Everything we had was a lie.

When you realize the man you thought you knew never actually existed.

I think about Ben. Sweet, anxious Ben who calls me for her nightmares. Who counts breaths with me. Who trusts me completely.

Ben.

She didn’t ask for any of this. Didn’t deserve a father who hires private investigators or befriends people so he can fuck their sister.

“Yeah,” I hear myself say. “Let’s go talk to Marco.”

Jag is still waiting outside and we climb into the SUV. The door closes. Jag’s eyes meet mine in the rearview mirror.

“Everything okay?” he asks.

“Just great,” I say. “Living the dream.”

He doesn’t push. Just drives. Doesn’t comment that Ethan is joining us.

Ethan is Marco’s ‘best friend’ after all.

The townhouse appears too fast.

Jag parks.

We get out. Ahead, the front door looms.

I stop on the sidewalk. Ethan’s already halfway up the steps before he realizes I’m not following.

“Jess?”

My hands are shaking. The anger from the bar has crystallized into something colder.

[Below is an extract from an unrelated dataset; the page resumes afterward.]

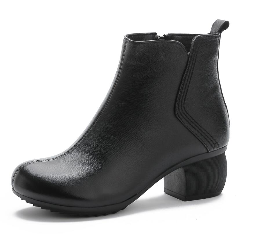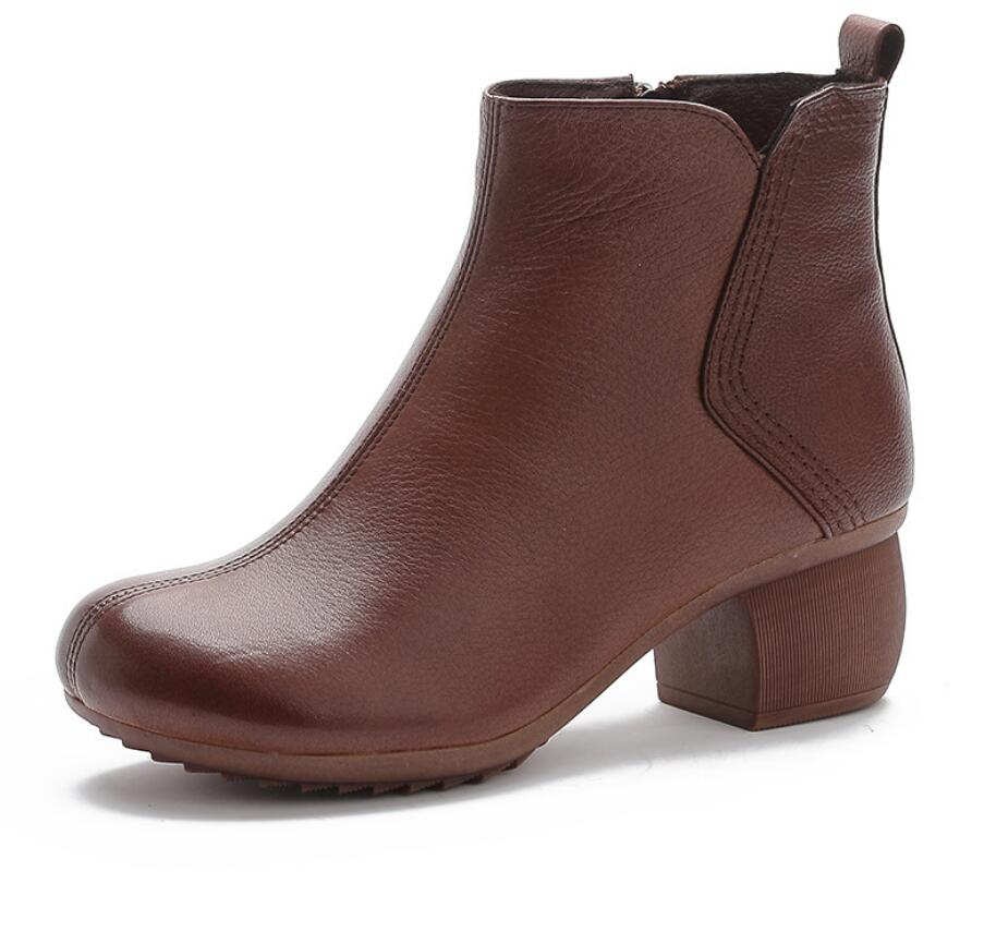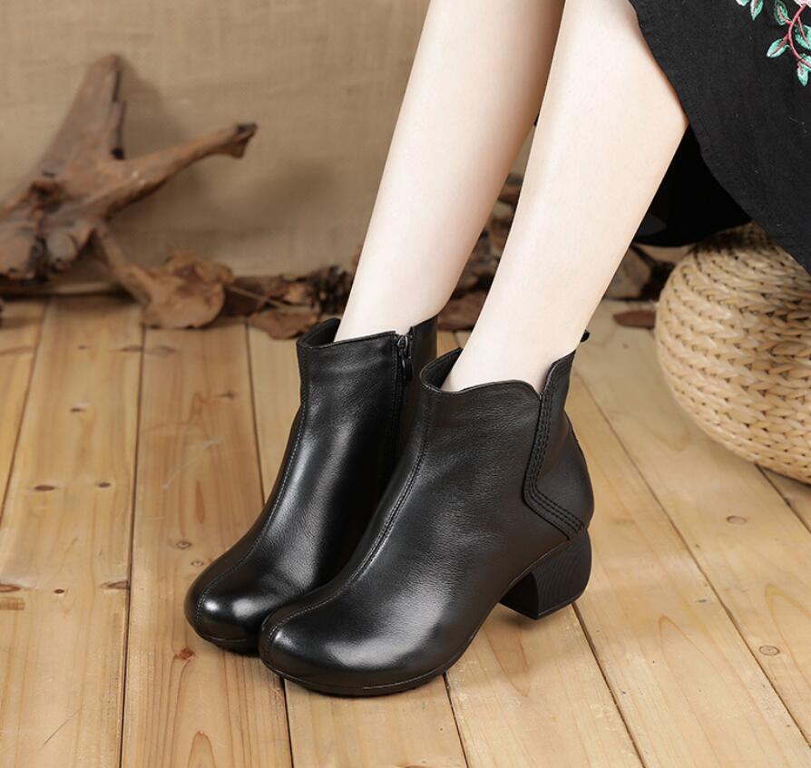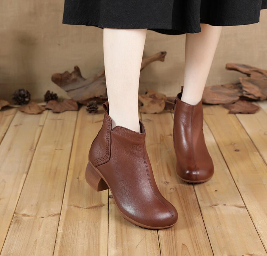 Vintage Style Genuine Leather Women Boots Flat Booties Soft Cowhide Women's Shoes
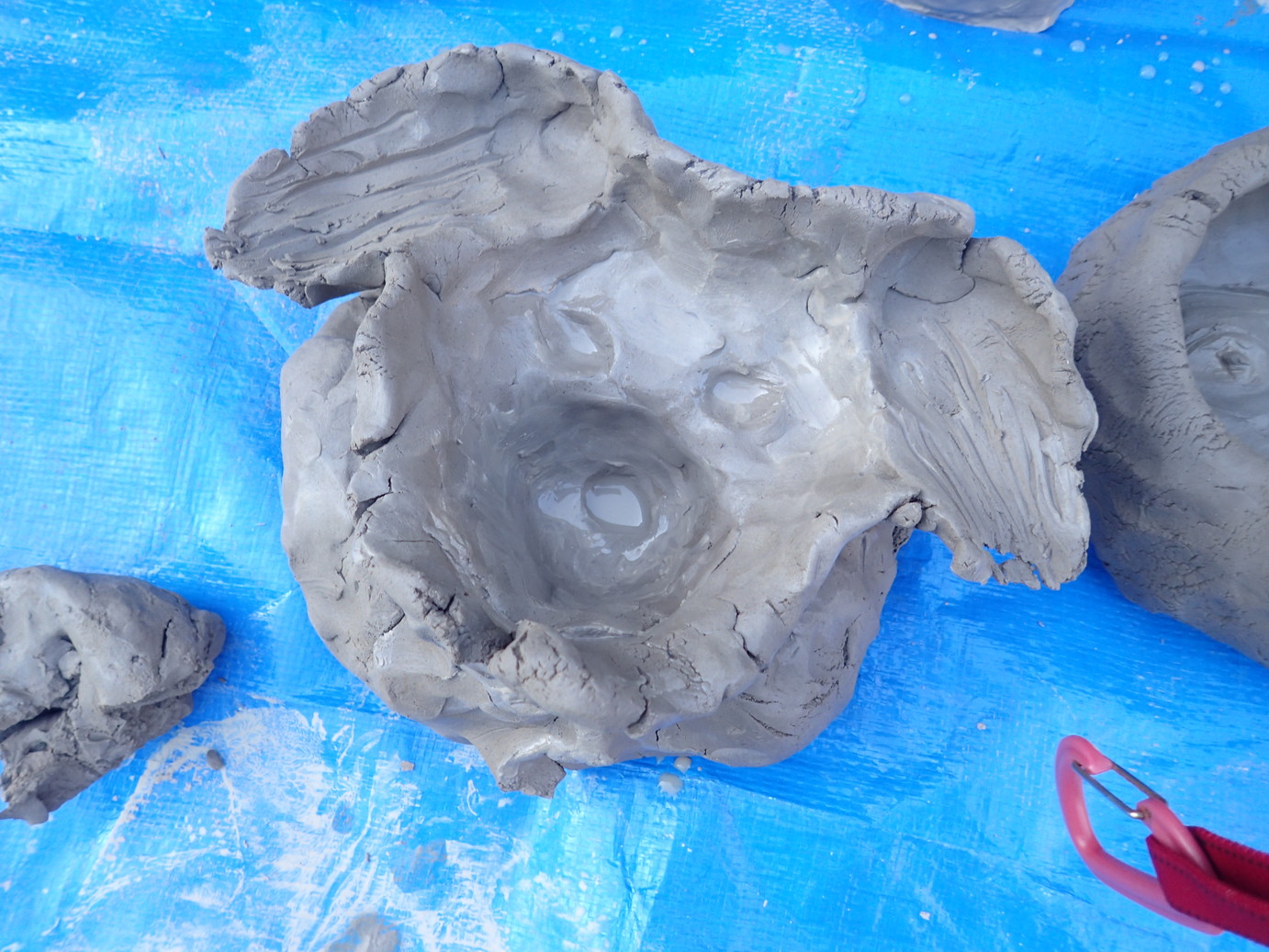 それぞれイメージするものがあるようですが、お互いにお話しながら手を入れていき”深い穴とつながったスロープ”で折り合いがついたところで石膏を流してみると、、

I don’t want to talk to him through a door again. Don’t want to hear whatever explanation he thinks will make hiring a private investigator to stalk my life acceptable.

“I need to pack,” I hear myself say. “I can’t do this anymore.”

Ethan comes back down the steps. Studies my face. Then he nods.

Ben’s face flashes through my mind again.

I’m abandoning her.

The guilt hits harder than anything Larkin said in that bar.

But I can’t do this.

Can’t pretend everything’s fine when nothing is fine.

Can’t keep being the steady one while my entire world reveals itself as a carefully constructed lie.

Can’t do this when Marco keeps hiding behind his door.

“Let’s get my stuff,” I tell Ethan. “And then I’m done.”